DE10339636B4 - Method and device for simultaneous laser welding - Google Patents

Abstract

Method for simultaneous laser welding of at least two workpieces along at least one common weld seam, wherein a first intensity distribution of laser light in a plane substantially perpendicular to the propagation direction of the laser light is generated by means of a laser device (1), the first intensity distribution being within an input aperture (23 ) beam shaping means (2) is converted into a second intensity distribution adapted to a contour of the weld, characterized in that the laser light is at least partially imaged in areas of the weld, of the entrance aperture (23) of the beam-forming means (2) in such a way are spaced, that a three-dimensional weld contour is generated.

Description

The present invention relates to a method for simultaneous laser welding according to the preamble of claim 1. Furthermore, the present invention relates to a device according to the preamble of claim 5.

The laser beam welding of workpieces is known from the prior art. It is increasingly replacing the traditional methods of joining workpieces such as gluing or screwing. Today, several methods are available to the user for material-fit joining of workpieces using laser beams.

In so-called contour welding, a laser beam is guided along a freely definable weld contour. Frequently fiber-coupled laser devices with round beam cross sections are used. Depending on the laser device used and the optics available, weld seam widths of a few tenths of a millimeter to several millimeters are achieved with the aid of this method.

In so-called quasi-simultaneous welding, a laser beam is guided at high speed along a weld contour using galvanometric mirrors (so-called scanner mirrors). Due to the high speed with which the laser beam is guided, the entire joining area is heated and plasticized very quickly (quasi-simultaneously). However, the welding of three-dimensional seam contours is relatively complicated and can only be implemented to a limited extent because of shading or unfavorable angles of incidence on curved surfaces. Furthermore, tensions or distortions often occur, which adversely affect the durability of the weld.

In so-called mask welding, an approximately line-shaped laser beam is moved across the workpieces to be welded. A mask selectively shadows the laser beam so that it only hits the joining surface at the points where welding is to take place. The field of application of the Meskenschweißens lies mainly in the field of sensors, chips and electronic components as well as microsystems technology. Fine structures in the mask allow a very high resolution, which allows welds of less than 100 microns width. In a single operation, straight and curved lines of different widths can be created and flat areas welded together.

In so-called simultaneous welding, individual, essentially line-emitting laser diodes or lasers or laser diodes with cylindrical lens optics are arranged to produce line-shaped laser beams along the seam contour to be welded. The melting and welding of the entire contour takes place simultaneously in this process (simultaneously). The number of laser diodes required for this depends on the circumference of the weld seam contour and the laser power required for welding. The method requires no relative movement between the component and the laser beam. The weld geometry can be chosen freely within a certain framework and has so far been limited to two-dimensional contours, which are constructed from individual straight lines.

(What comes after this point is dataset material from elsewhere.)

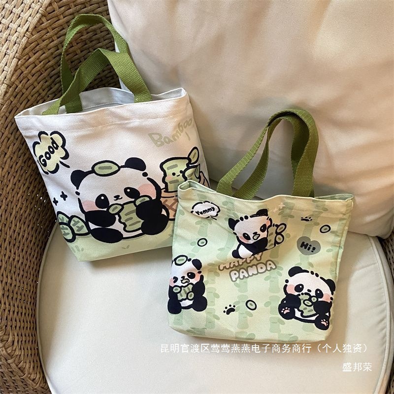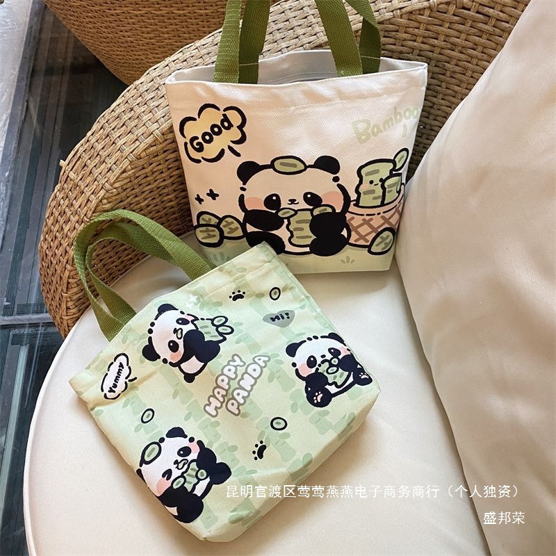 新型パンダ外出キャンバスバッグ弁当携帯ハンドバッグキャンバスバッグ学生バッグ通勤チャックバッグ

A device and a method of the type mentioned are from the EP 0 282 593 A1 known. The device described therein comprises a laser light source and a beam shaping body having an entrance aperture and an exit aperture. Lens means can image the laser light generated by the laser light source onto the entrance aperture. The entrance aperture and the exit aperture have a different shape and are connected to one another via a beam guiding channel in the interior of the beam-forming body. The laser light emerging from the exit aperture can be imaged into a working plane in order to be used there, for example for welding.

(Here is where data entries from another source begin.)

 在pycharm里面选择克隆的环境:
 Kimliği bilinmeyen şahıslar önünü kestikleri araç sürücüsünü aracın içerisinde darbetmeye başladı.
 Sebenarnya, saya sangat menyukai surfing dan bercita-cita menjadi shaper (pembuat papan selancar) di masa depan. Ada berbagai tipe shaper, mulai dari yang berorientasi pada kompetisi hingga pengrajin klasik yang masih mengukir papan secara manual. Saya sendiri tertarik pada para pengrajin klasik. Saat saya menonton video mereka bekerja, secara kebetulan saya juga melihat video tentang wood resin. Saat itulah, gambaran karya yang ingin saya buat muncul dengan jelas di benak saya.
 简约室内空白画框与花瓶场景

Object of the present invention is to provide a method of the type mentioned above and a generic device available that allows simultaneous welding of a weld with any contour.

This object is first achieved by a method of the type mentioned above with the characterizing features of claim 1. According to the invention, it is proposed that the laser light is at least partially imaged into regions of the weld seam which are spaced from the entrance aperture of the beam-shaping means such that a three-dimensional weld seam contour is produced. Thus, not only two-dimensional but also three-dimensional weld seam contours can be produced with the aid of the method according to the invention.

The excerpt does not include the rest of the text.